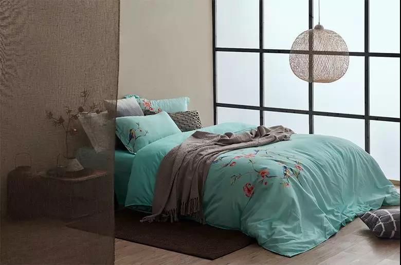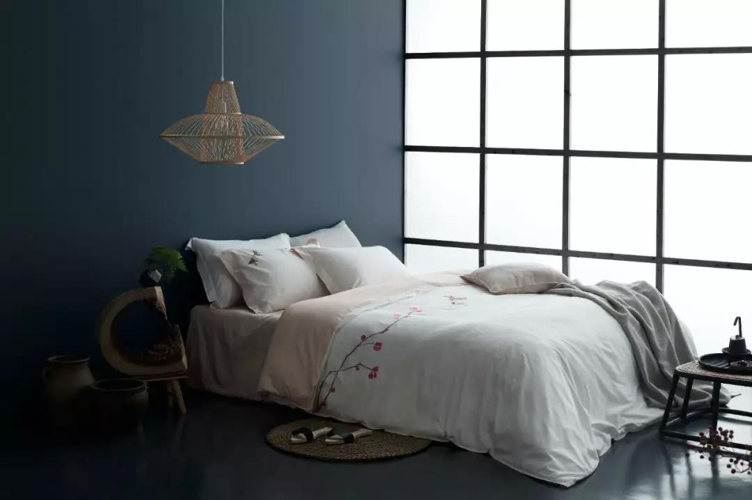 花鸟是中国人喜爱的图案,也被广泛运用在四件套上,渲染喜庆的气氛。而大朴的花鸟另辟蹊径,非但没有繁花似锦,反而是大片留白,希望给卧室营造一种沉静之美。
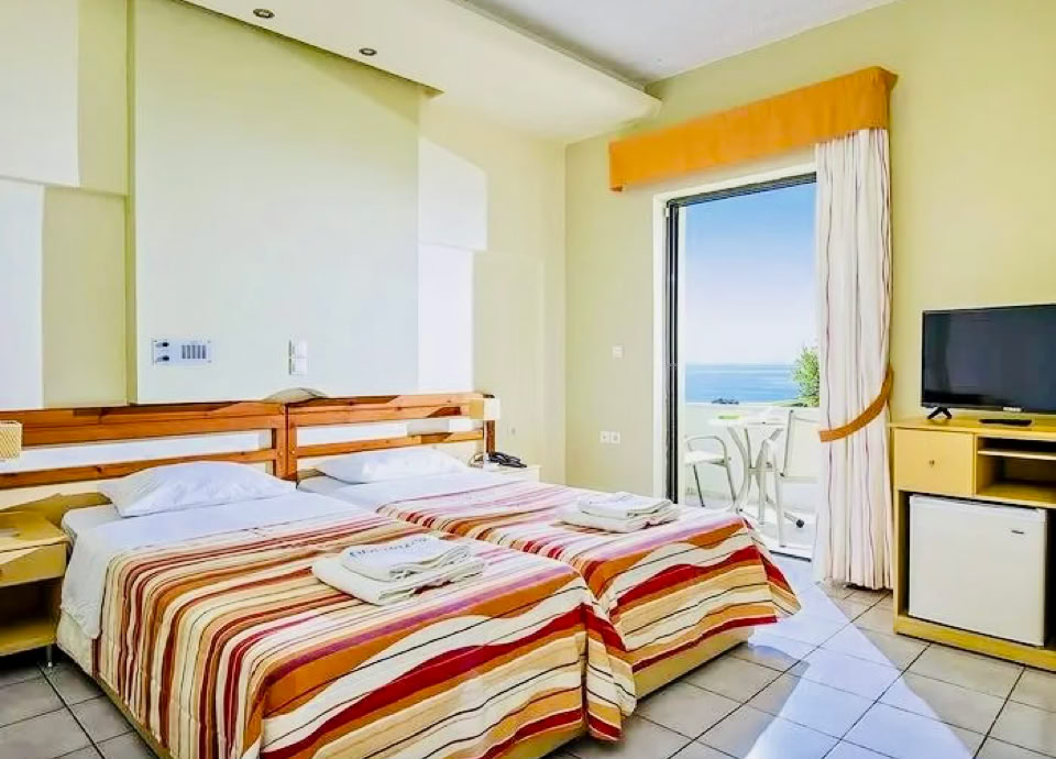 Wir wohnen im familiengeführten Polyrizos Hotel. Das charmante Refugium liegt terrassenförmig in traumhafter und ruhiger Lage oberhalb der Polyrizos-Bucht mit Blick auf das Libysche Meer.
--
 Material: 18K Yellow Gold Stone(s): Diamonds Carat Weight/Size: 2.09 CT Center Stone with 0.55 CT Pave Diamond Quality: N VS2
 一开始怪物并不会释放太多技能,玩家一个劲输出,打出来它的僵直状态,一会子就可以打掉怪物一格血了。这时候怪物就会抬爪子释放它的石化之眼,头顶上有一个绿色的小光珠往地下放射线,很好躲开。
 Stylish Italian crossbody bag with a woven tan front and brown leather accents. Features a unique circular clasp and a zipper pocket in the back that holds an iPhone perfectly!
--
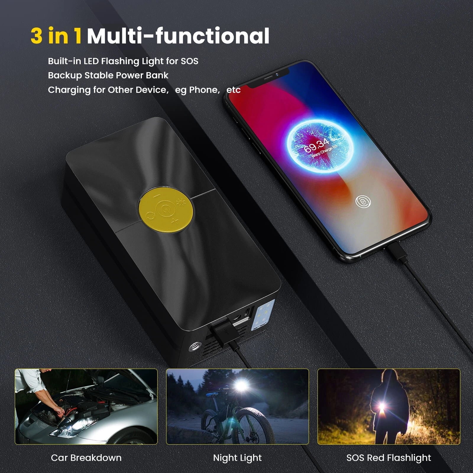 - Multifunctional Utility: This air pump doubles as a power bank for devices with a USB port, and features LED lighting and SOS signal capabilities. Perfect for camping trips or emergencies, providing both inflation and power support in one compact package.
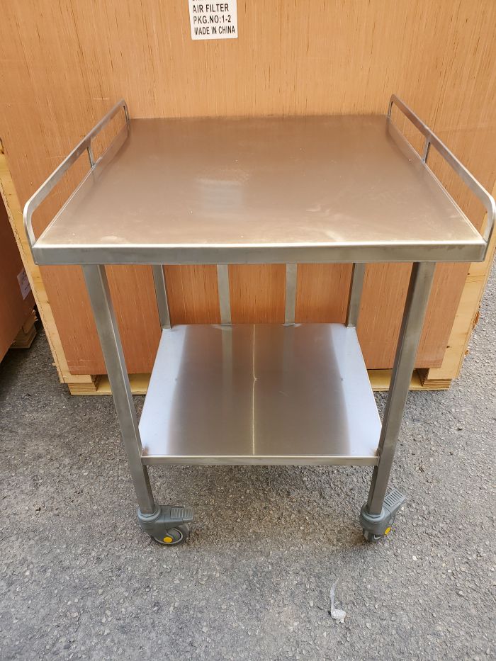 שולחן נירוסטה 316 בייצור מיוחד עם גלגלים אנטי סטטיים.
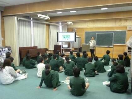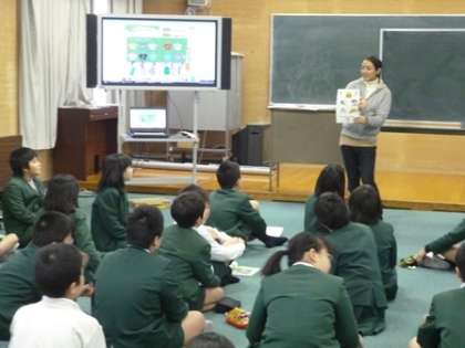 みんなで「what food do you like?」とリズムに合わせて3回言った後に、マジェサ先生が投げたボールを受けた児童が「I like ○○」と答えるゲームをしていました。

**Your assignment:** What's needed is an exact copy of the lines above from the one with "- Multifunctional Utility: This" through the one with "שולחן נירוסטה 316", both included; the pictures stay out.

**Task response:**
 - Multifunctional Utility: This air pump doubles as a power bank for devices with a USB port, and features LED lighting and SOS signal capabilities. Perfect for camping trips or emergencies, providing both inflation and power support in one compact package.
 שולחן נירוסטה 316 בייצור מיוחד עם גלגלים אנטי סטטיים.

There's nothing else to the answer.